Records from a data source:
══════════

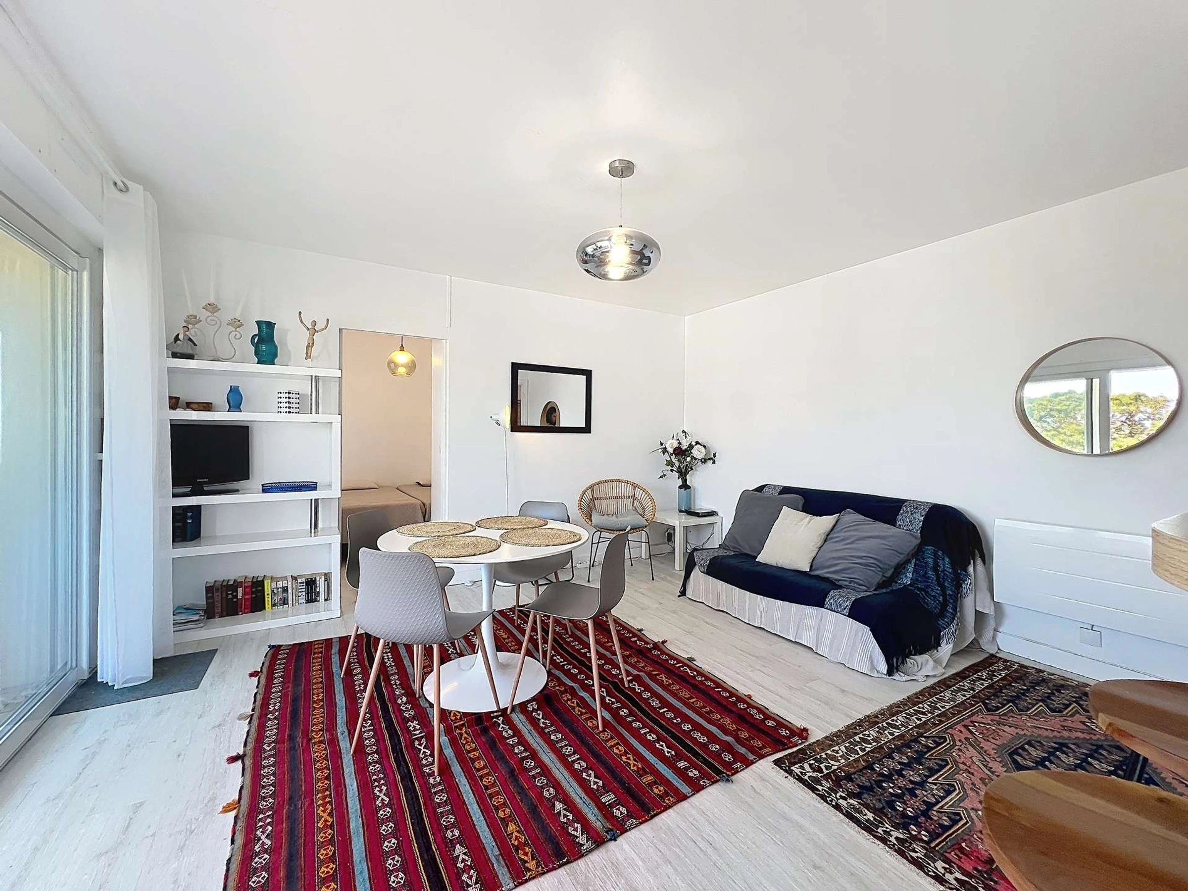 - Wohn-/Esszimmer mit einem 140 cm breiten Schlafsofa für 2 Personen, Tisch, Stühlen und TV,
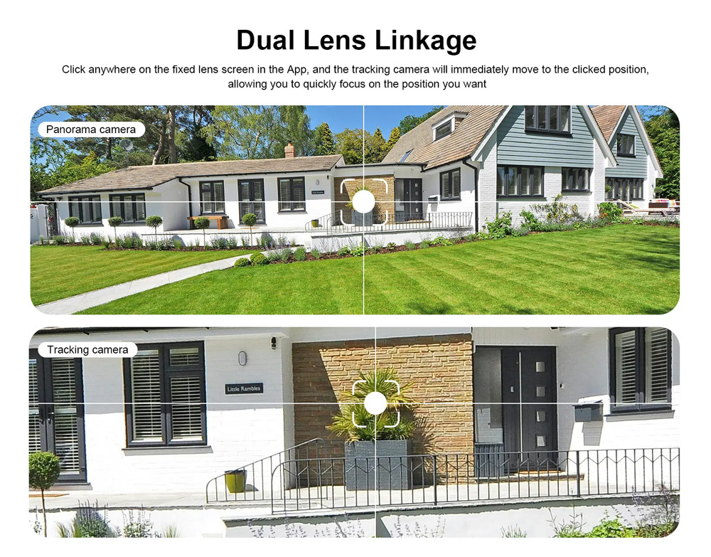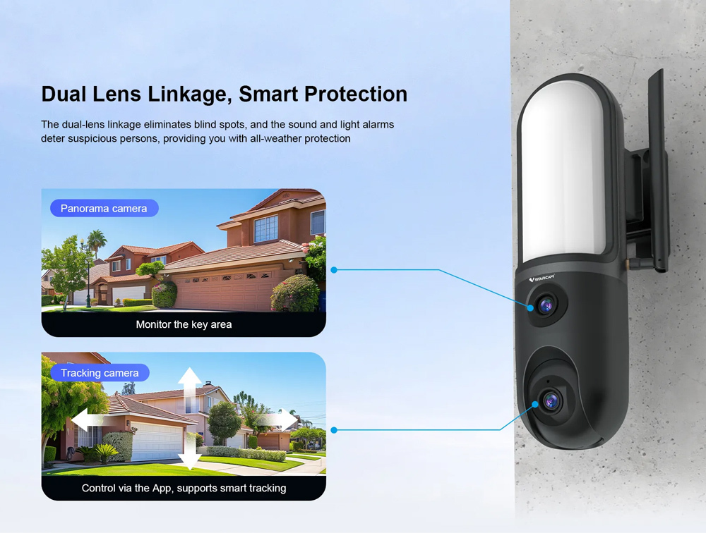 Ενσωματώνει 2 φακούς που επιτρέπουν μεγαλύτερη κάλυψη στον χώρο και υποστηρίζει PTZ λειτουργία που σας επιτρέπει την οριζόντια και κάθετη μετακίνηση της κάμερας μέσω της εφαρμογής.
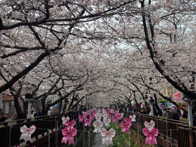31일 부산지방기상청 등에 따르면 경남 창원시 진해구 벚꽃은 지난달 24일 개화를 시작으로 30일 만개했다. 개화는 벚나무 전체의 꽃이 20%를 폈을 때, 만개는 80% 이상을 의미한다. 창원 전 지역의 벚꽃 개화율을 확인하는 관측목은 진해구 여좌동 여좌천 로망스다리 옆 벚나무 3그루로, 2015년부터 지금까지 유지되고 있다.
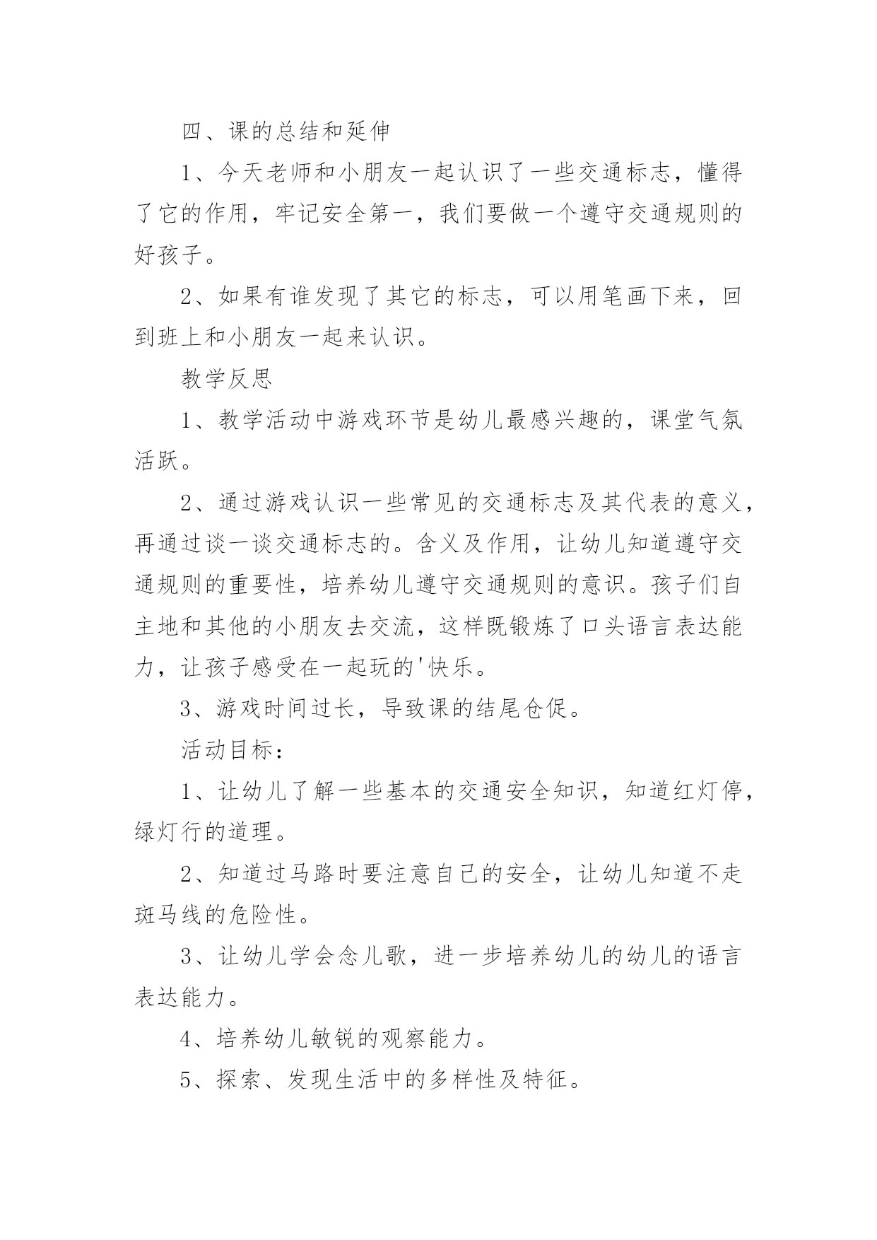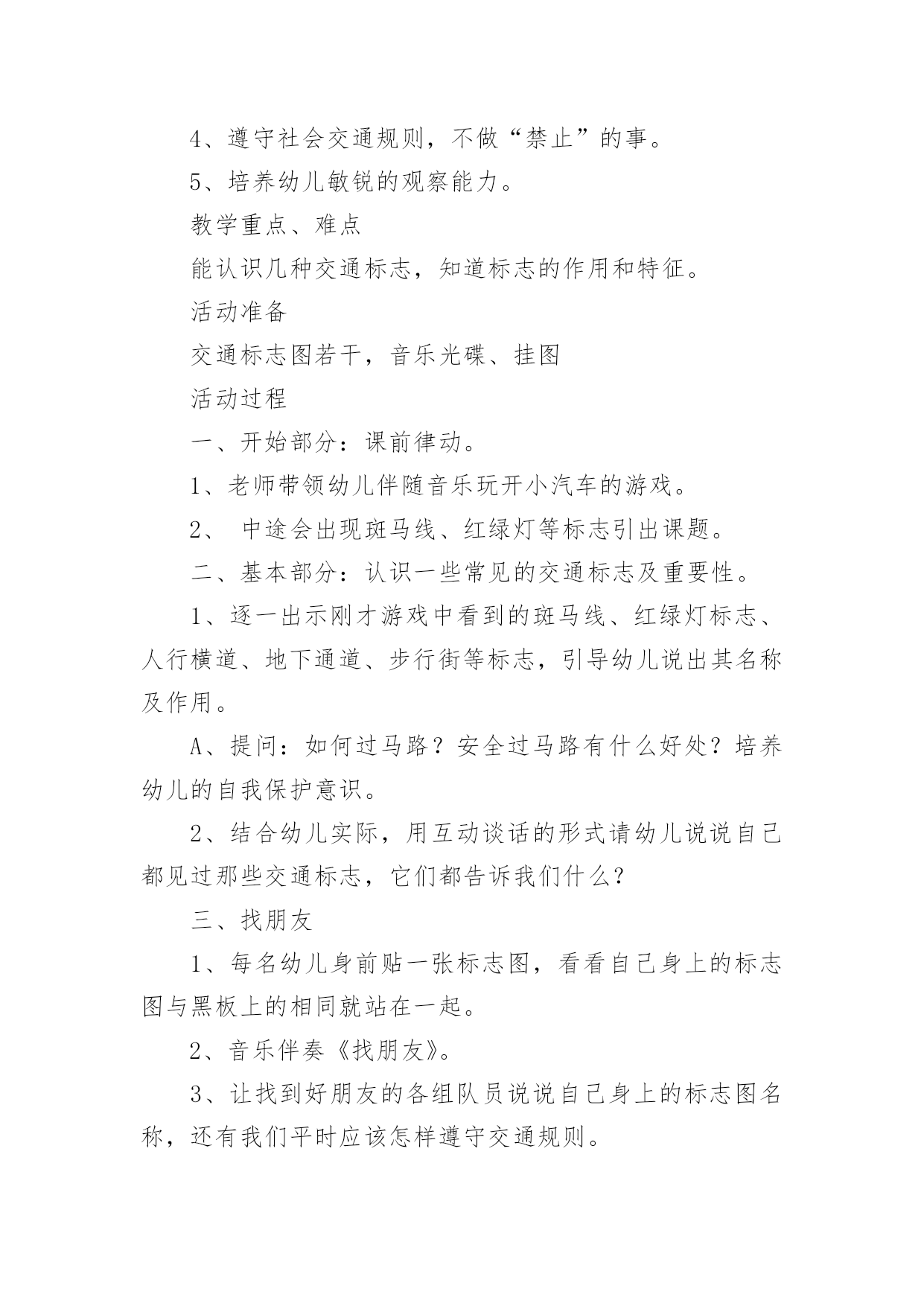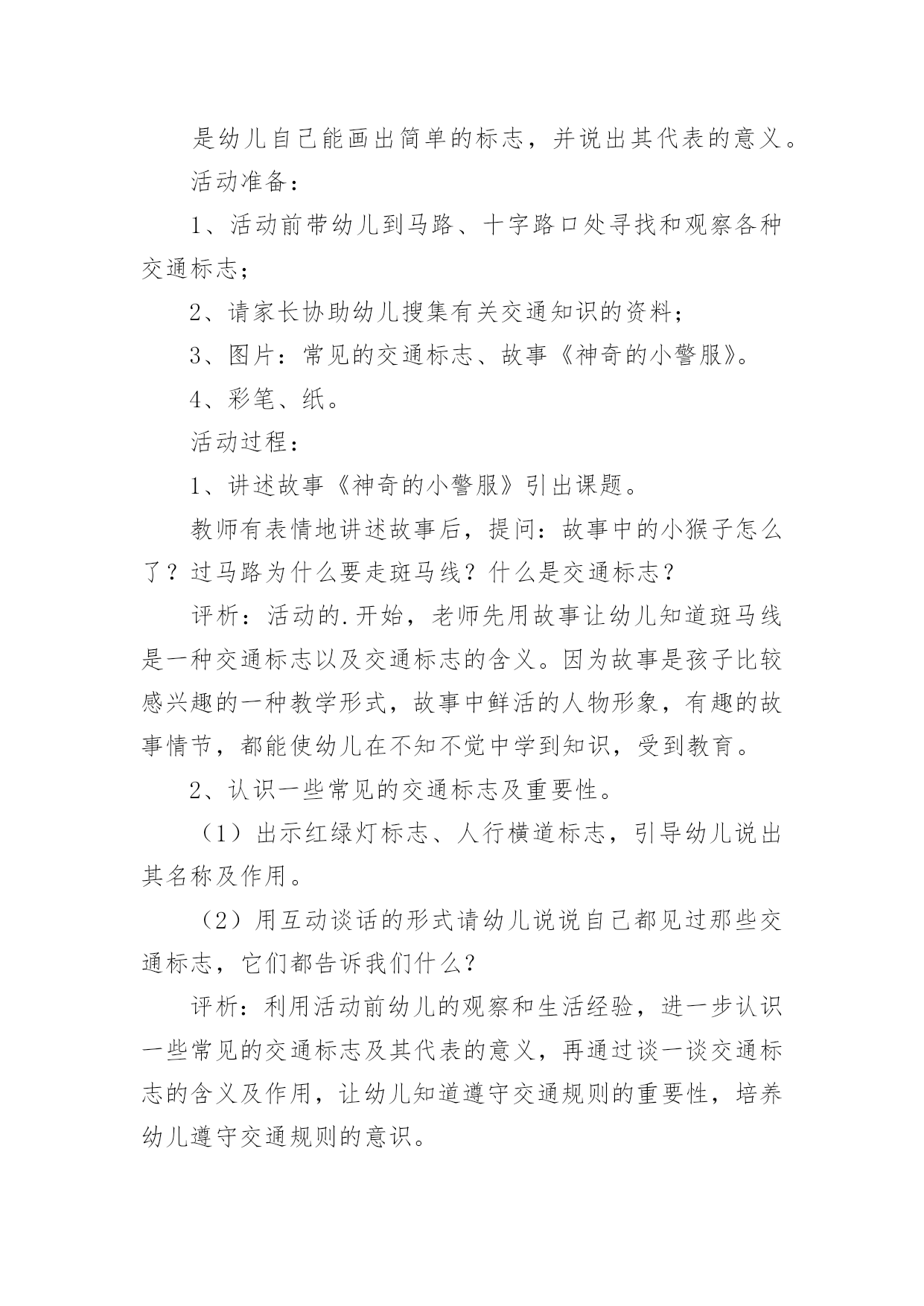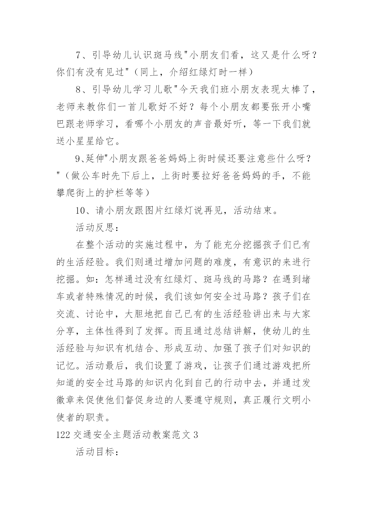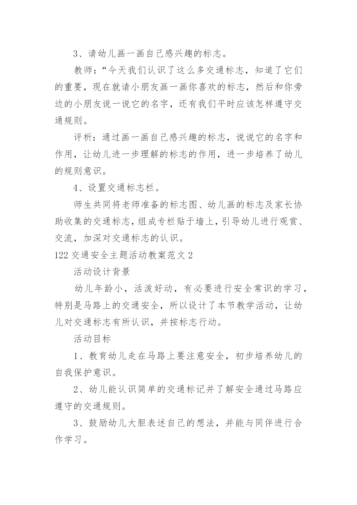 122交通安全主题活动教案122交通安全主题活动教案范文作为一位优秀的人民教师,就不得不需要编写教案,教案有利于教学水平的提高,有助于教研活动的开展。那么优秀的教案是什么样的呢?下面是小编收集整理的122交通安全主题活动教案范文,欢迎阅读,希望大家能够喜欢。122交通安全主题活动教案范文1活动目标:1、让幼儿通过活动感受到交通标志作用大,初步培养幼儿遵守交通规则的意识。2、鼓励幼儿大胆表述自己的想法,并能与同伴进行合作学习。3、让幼儿认识常见的交通标志,知道它们所代表的意义并能画出一些简单的标志。4、培养幼儿敏锐的观察能力。5、加强幼儿的安全意识。活动重点难点:活动重点:重点是让幼儿感受交通标志作用大。活动难点:是幼儿自己能画出简单的标志,并说出其代表的意义。活动准备:1、活动前带幼儿到马路、十字路口处寻找和观察各种交通标志;2、请家长协助幼儿搜集有关交通知识的资料;3、图片:常见的交通标志、故事《神奇的小警服》。4、彩笔、纸。活动过程:1、讲述故事《神奇的小警服》引出课题。教师有表情地讲述故事后,提问:故事中的小猴子怎么了?过马路为什么要走斑马线?什么是交通标志?评析:活动的.开始,老师先用故事让幼儿知道斑马线是一种交通标志以及交通标志的含义。因为故事是孩子比较感兴趣的一种教学形式,故事中鲜活的人物形象,有趣的故事情节,都能使幼儿在不知不觉中学到知识,受到教育。2、认识一些常见的交通标志及重要性。(1)出示红绿灯标志、人行横道标志,引导幼儿说出其名称及作用。(2)用互动谈话的形式请幼儿说说自己都见过那些交通标志,它们都告诉我们什么?评析:利用活动前幼儿的观察和生活经验,进一步认识一些常见的交通标志及其代表的意义,再通过谈一谈交通标志的含义及作用,让幼儿知道遵守交通规则的重要性,培养幼儿遵守交通规则的意识。3、请幼儿画一画自己感兴趣的标志。教师:“今天我们认识了这么多交通标志,知道了它们的重要,现在就请小朋友画一画你喜欢的标志,然后和你旁边的小朋友说一说它的名字,还有我们平时应该怎样遵守交通规则。评析:通过画一画自己感兴趣的标志,说说它的名字和作用,让幼儿进一步理解的标志的作用,进一步培养了幼儿的规则意识。4、设置交通标志栏。师生共同将老师准备的标志图、幼儿画的标志及家长协助收集的交通标志,组成专栏贴于墙上,引导幼儿进行观赏、交流,加深对交通标志的认识。122交通安全主题活动教案范文2活动设计背景幼儿年龄小,活泼好动,有必要进行安全常识的学习,特别是马路上的交通安全,所以设计了本节教学活动,让幼儿对交通标志有所认识,并按标志行动。活动目标1、教育幼儿走在马路上要注意安全,初步培养幼儿的自我保护意识。2、幼儿能认识简单的交通标记并了解安全通过马路应遵守的交通规则。3、鼓励幼儿大胆表述自己的想法,并能与同伴进行合作学习。4、遵守社会交通规则,不做“禁止”的事。5、培养幼儿敏锐的观察能力。教学重点、难点能认识几种交通标志,知道标志的作用和特征。活动准备交通标志图若干,音乐光碟、挂图活动过程一、开始部分:课前律动。1、老师带领幼儿伴随音乐玩开小汽车的游戏。2、中途会出现斑马线、红绿灯等标志引出课题。二、基本部分:认识一些常见的交通标志及重要性。1、逐一出示刚才游戏中看到的斑马线、红绿灯标志、人行横道、地下通道、步行街等标志,引导幼儿说出其名称及作用。A、提问:如何过马路?安全过马路有什么好处?培养幼儿的自我保护意识。2、结合幼儿实际,用互动谈话的形式请幼儿说说自己都见过那些交通标志,它们都告诉我们什么?三、找朋友1、每名幼儿身前贴一张标志图,看看自己身上的标志图与黑板上的相同就站在一起。2、音乐伴奏《找朋友》。3、让找到好朋友的各组队员说说自己身上的标志图名称,还有我们平时应该怎样遵守交通规则。四、课的总结和延伸1、今天老师和小朋友一起认识了一些交通标志,懂得了它的作用,牢记安全第一,我们要做一个遵守交通规则的好孩子。2、如果有谁发现了其它的标志,可以用笔画下来,回到班上和小朋友一起来认识。教学反思1、教学活动中游戏环节是幼儿最感兴趣的,课堂气氛活跃。2、通过游戏认识一些常见的交通标志及其代表的意义,再通过谈一谈交通标志的。含义及作用,让幼儿知道遵守交通规则的重要性,培养幼儿遵守交通规则的意识。孩子们自主地和其他的小朋友去交流,这样既锻炼了口头语言表达能力,让孩子感受在一起玩的'快乐。3、游戏时间过长,导致课的结尾仓促。活动目标:1、让幼儿了解一些基本的交通安全知识,知道红灯停,绿灯行的道理。2、知道过马路时要注意自己的安全,让幼儿知道不走斑马线的危险性。3、让幼儿学会念儿歌,进一步培养幼儿的幼儿的语言表达能力。4、培养幼儿敏锐的观察能力。5、探索、发现生活中的多样性及特征。活动准备:1、图片红绿灯、斑马线2、儿歌《交通灯》活动过
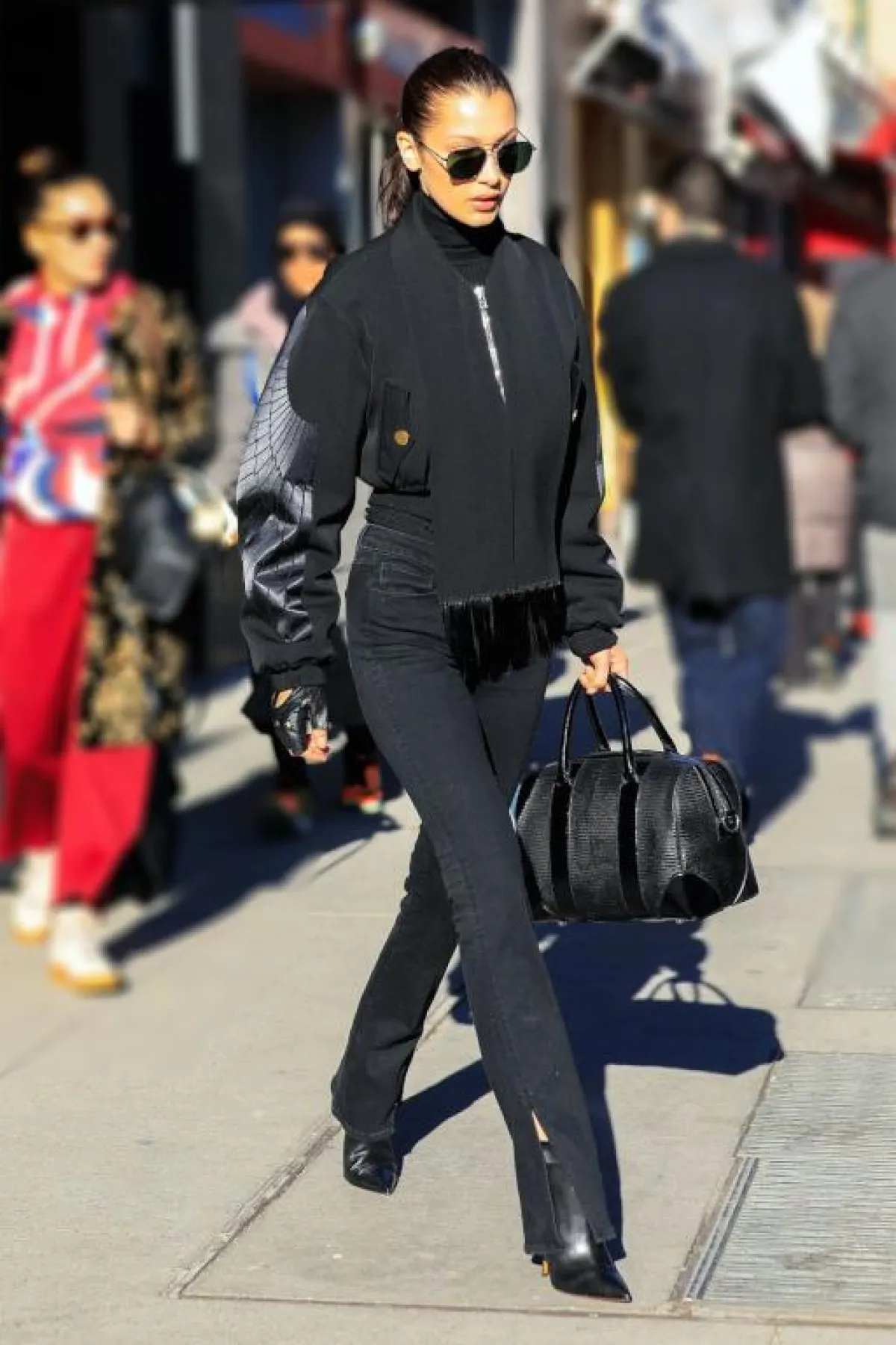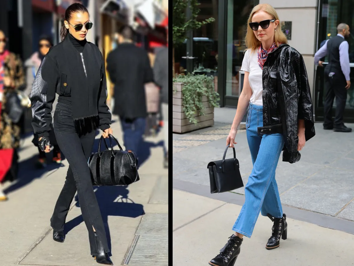 ظهرت العارضة العالمية بيلا حديد بإطلالة تجمع بين الكاجوال والكلاسيكية ببنطلون جينز أسود، بفتحة صغيرة ناحية القدم، واسع، واختارت معه جاكيت من نفس اللون، وبذلك تثبت أن الجينز يمكن تنسيقه في إطلالة أكثر رسمية.

══════════

◆ **Exercise prompt**
Using the records above, print exactly the run of lines that starts with the line with "Ενσωματώνει 2 φακούς" and goes on through the line with "31일 부산지방기상청 등에", pictures excluded.

◆ **Answer for this exercise**
 Ενσωματώνει 2 φακούς που επιτρέπουν μεγαλύτερη κάλυψη στον χώρο και υποστηρίζει PTZ λειτουργία που σας επιτρέπει την οριζόντια και κάθετη μετακίνηση της κάμερας μέσω της εφαρμογής.
31일 부산지방기상청 등에 따르면 경남 창원시 진해구 벚꽃은 지난달 24일 개화를 시작으로 30일 만개했다. 개화는 벚나무 전체의 꽃이 20%를 폈을 때, 만개는 80% 이상을 의미한다. 창원 전 지역의 벚꽃 개화율을 확인하는 관측목은 진해구 여좌동 여좌천 로망스다리 옆 벚나무 3그루로, 2015년부터 지금까지 유지되고 있다.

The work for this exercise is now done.